Exercise data Start Marker

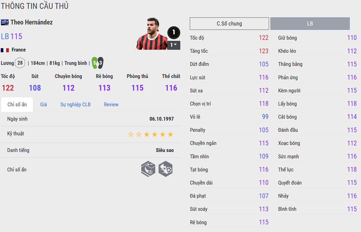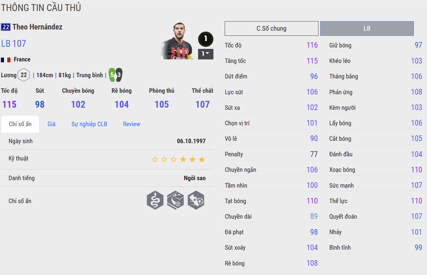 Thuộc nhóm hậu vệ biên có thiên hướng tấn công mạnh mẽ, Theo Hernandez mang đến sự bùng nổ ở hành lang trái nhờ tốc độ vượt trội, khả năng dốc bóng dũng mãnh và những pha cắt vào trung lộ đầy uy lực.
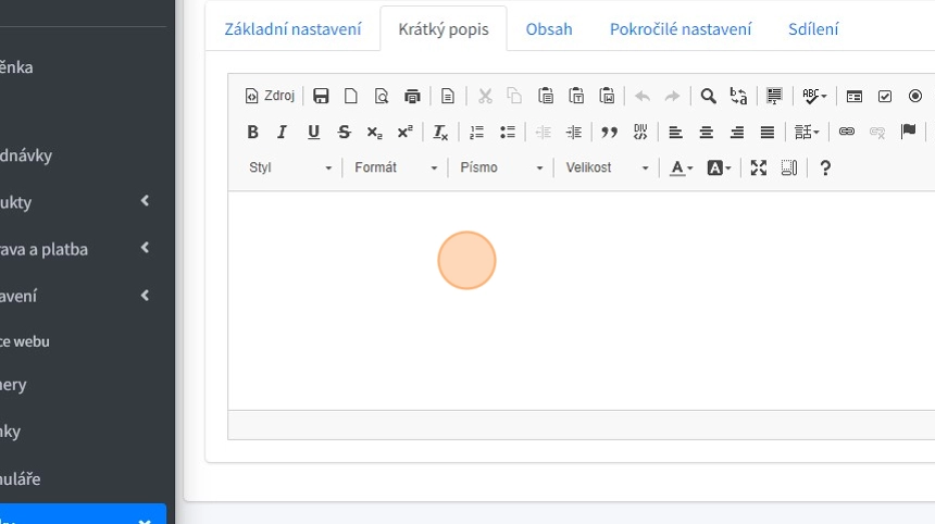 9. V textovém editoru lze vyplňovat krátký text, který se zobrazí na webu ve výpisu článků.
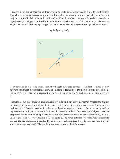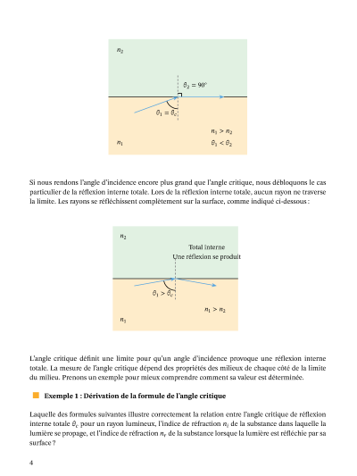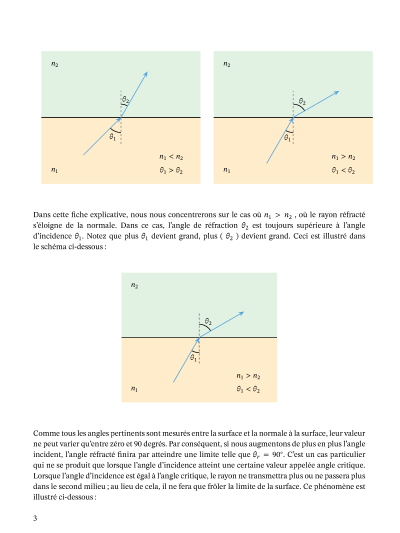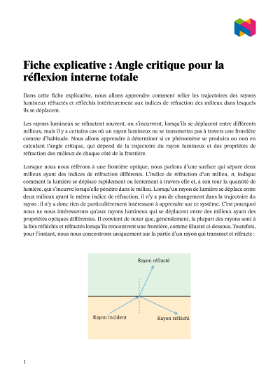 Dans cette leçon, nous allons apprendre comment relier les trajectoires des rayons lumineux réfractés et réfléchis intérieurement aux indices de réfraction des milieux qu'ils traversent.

Exercise data End Marker
Exercise data Start Marker

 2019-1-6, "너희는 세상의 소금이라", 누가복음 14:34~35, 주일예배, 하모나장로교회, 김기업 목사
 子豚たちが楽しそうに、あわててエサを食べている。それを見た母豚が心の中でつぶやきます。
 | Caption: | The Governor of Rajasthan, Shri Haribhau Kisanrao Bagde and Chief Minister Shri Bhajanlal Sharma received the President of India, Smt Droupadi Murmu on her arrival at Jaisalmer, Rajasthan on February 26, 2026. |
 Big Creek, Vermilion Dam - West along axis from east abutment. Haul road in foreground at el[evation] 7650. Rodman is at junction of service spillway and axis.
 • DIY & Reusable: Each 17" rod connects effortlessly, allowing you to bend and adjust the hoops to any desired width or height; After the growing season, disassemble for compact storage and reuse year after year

Exercise data End Marker
Exercise data Start Marker

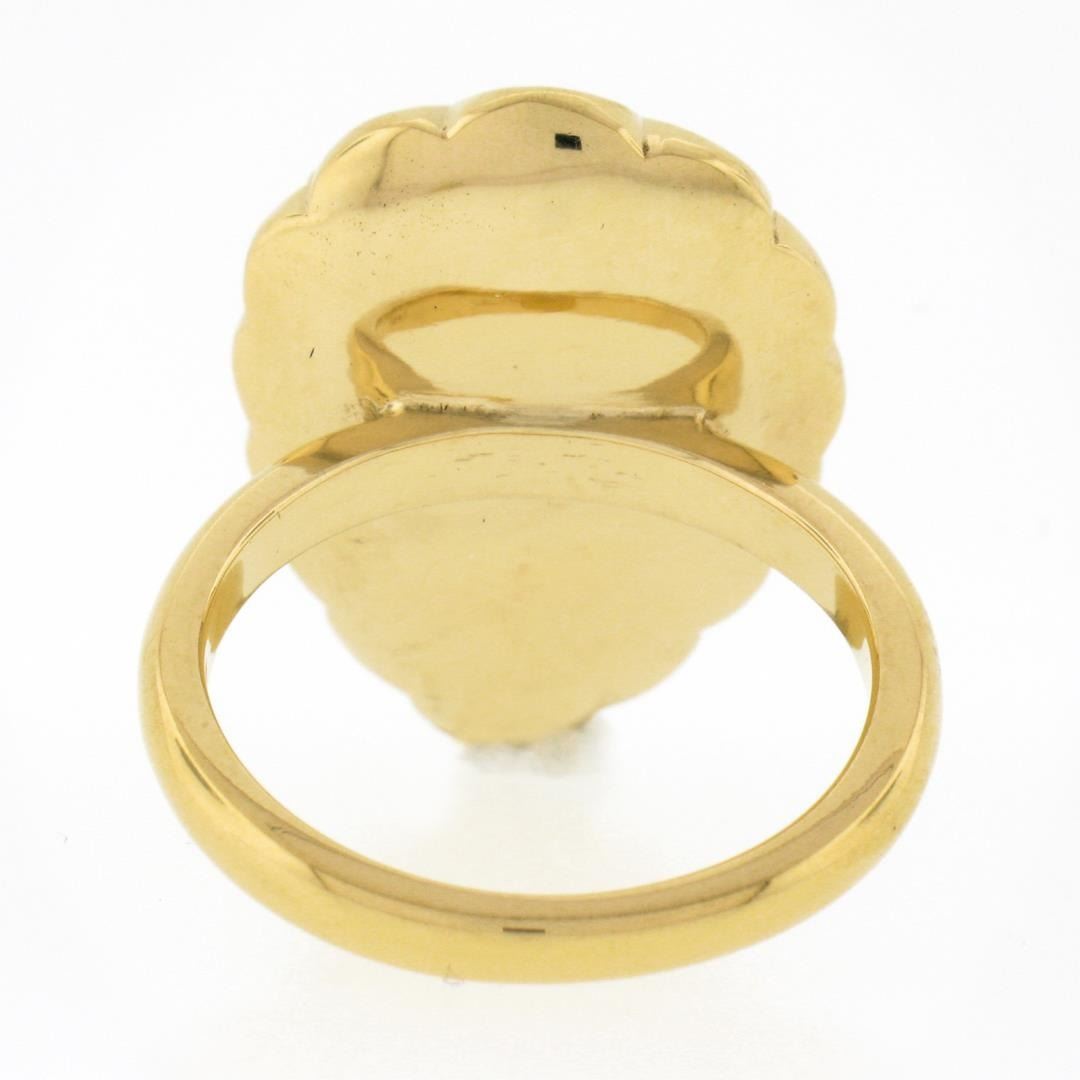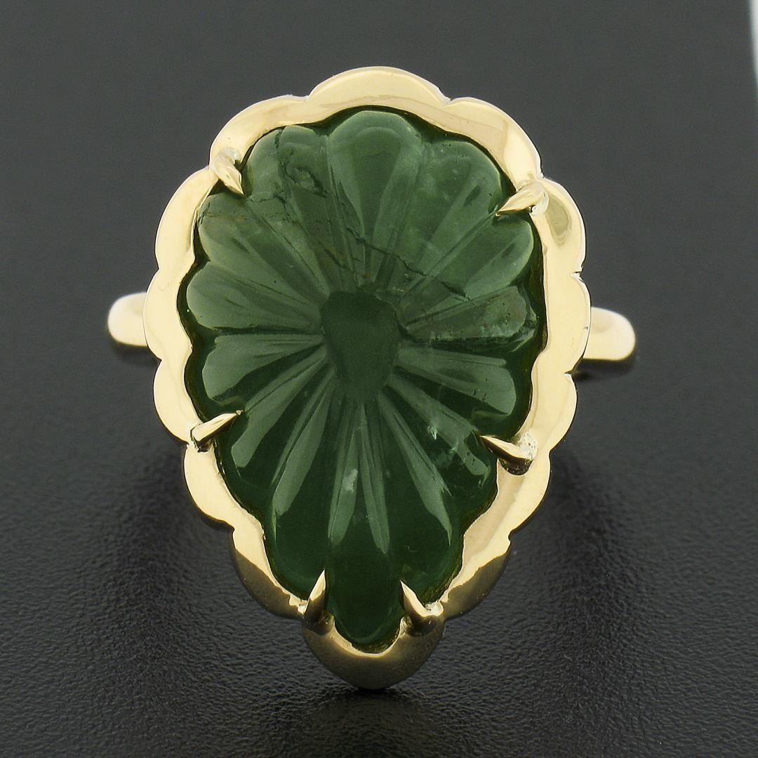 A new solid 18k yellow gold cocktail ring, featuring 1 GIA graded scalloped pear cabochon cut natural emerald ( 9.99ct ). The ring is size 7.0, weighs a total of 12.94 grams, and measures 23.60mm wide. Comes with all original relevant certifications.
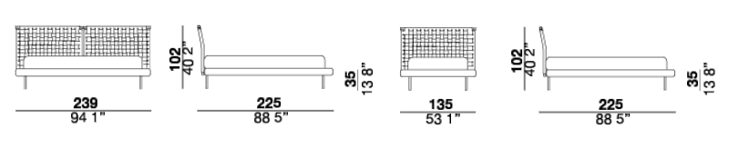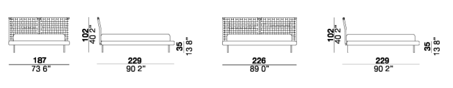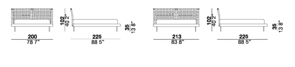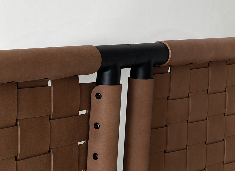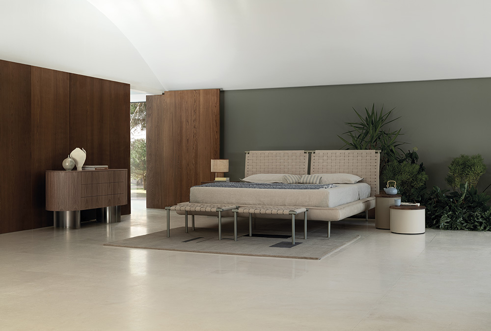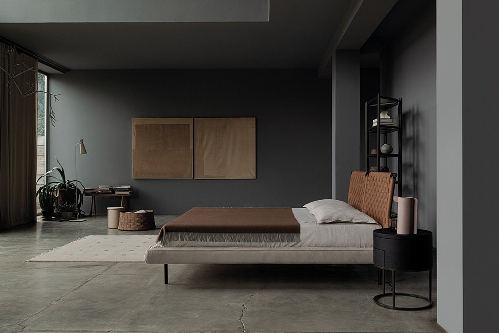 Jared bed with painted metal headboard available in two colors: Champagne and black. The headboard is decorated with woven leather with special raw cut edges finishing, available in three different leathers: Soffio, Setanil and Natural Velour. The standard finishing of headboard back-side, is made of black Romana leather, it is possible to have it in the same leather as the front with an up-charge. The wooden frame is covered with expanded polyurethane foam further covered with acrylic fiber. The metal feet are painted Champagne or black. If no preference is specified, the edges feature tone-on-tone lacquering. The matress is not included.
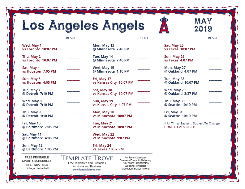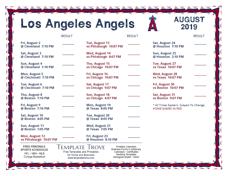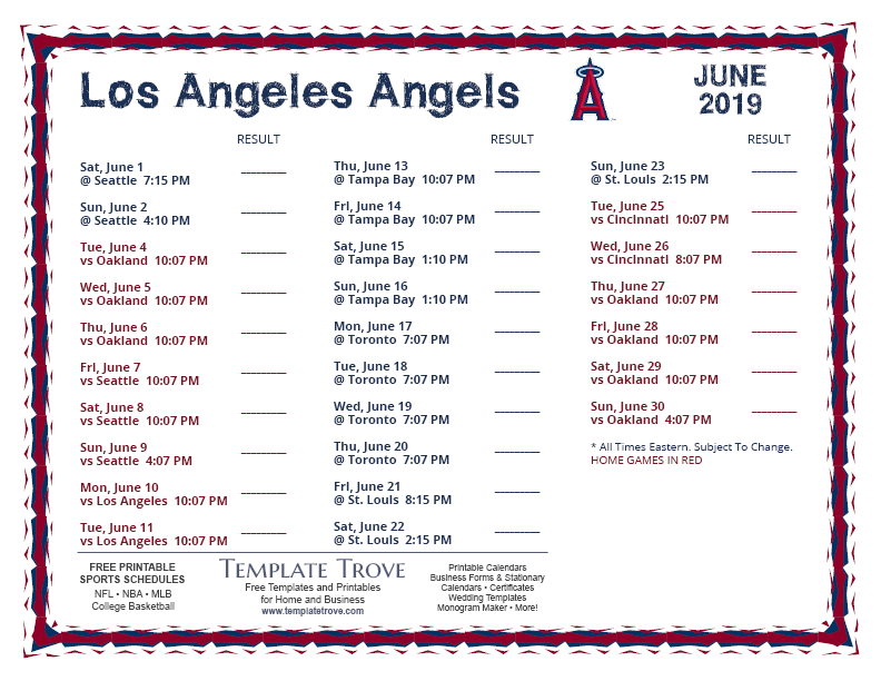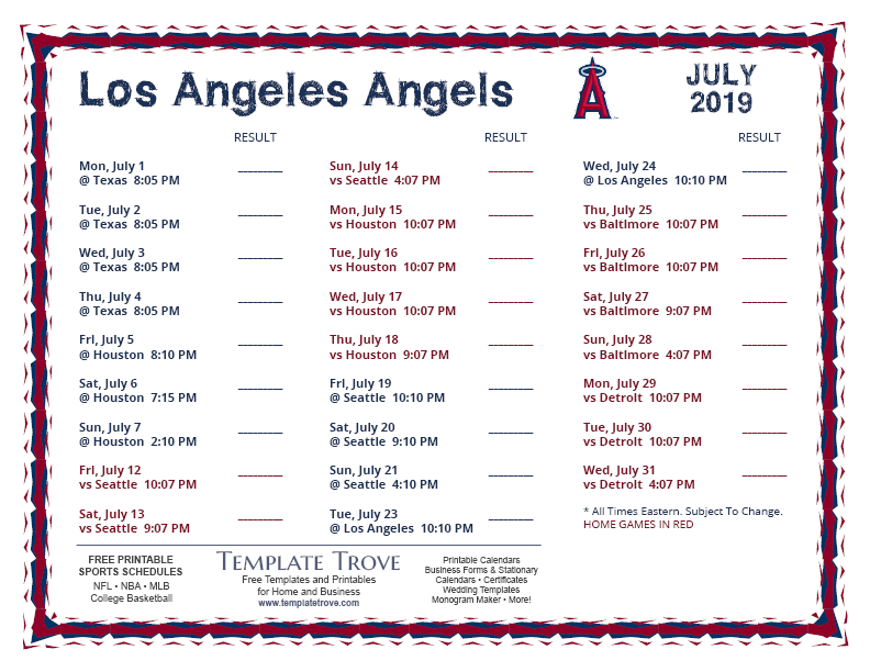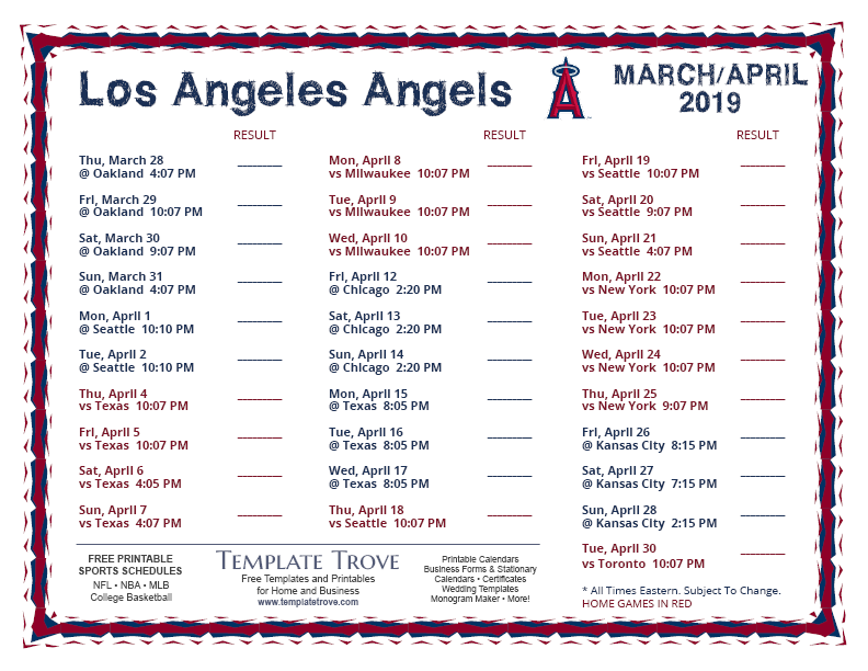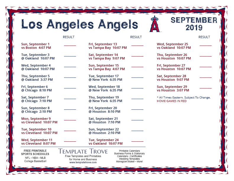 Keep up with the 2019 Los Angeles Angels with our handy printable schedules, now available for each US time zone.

Exercise data End Marker

Exercise goal.
Reproduce exactly the section above that begins at the line containing "Big Creek, Vermilion" and ends at the line containing "year after year", leaving out all other lines.

Solution to the problem.
 Big Creek, Vermilion Dam - West along axis from east abutment. Haul road in foreground at el[evation] 7650. Rodman is at junction of service spillway and axis.
 • DIY & Reusable: Each 17" rod connects effortlessly, allowing you to bend and adjust the hoops to any desired width or height; After the growing season, disassemble for compact storage and reuse year after year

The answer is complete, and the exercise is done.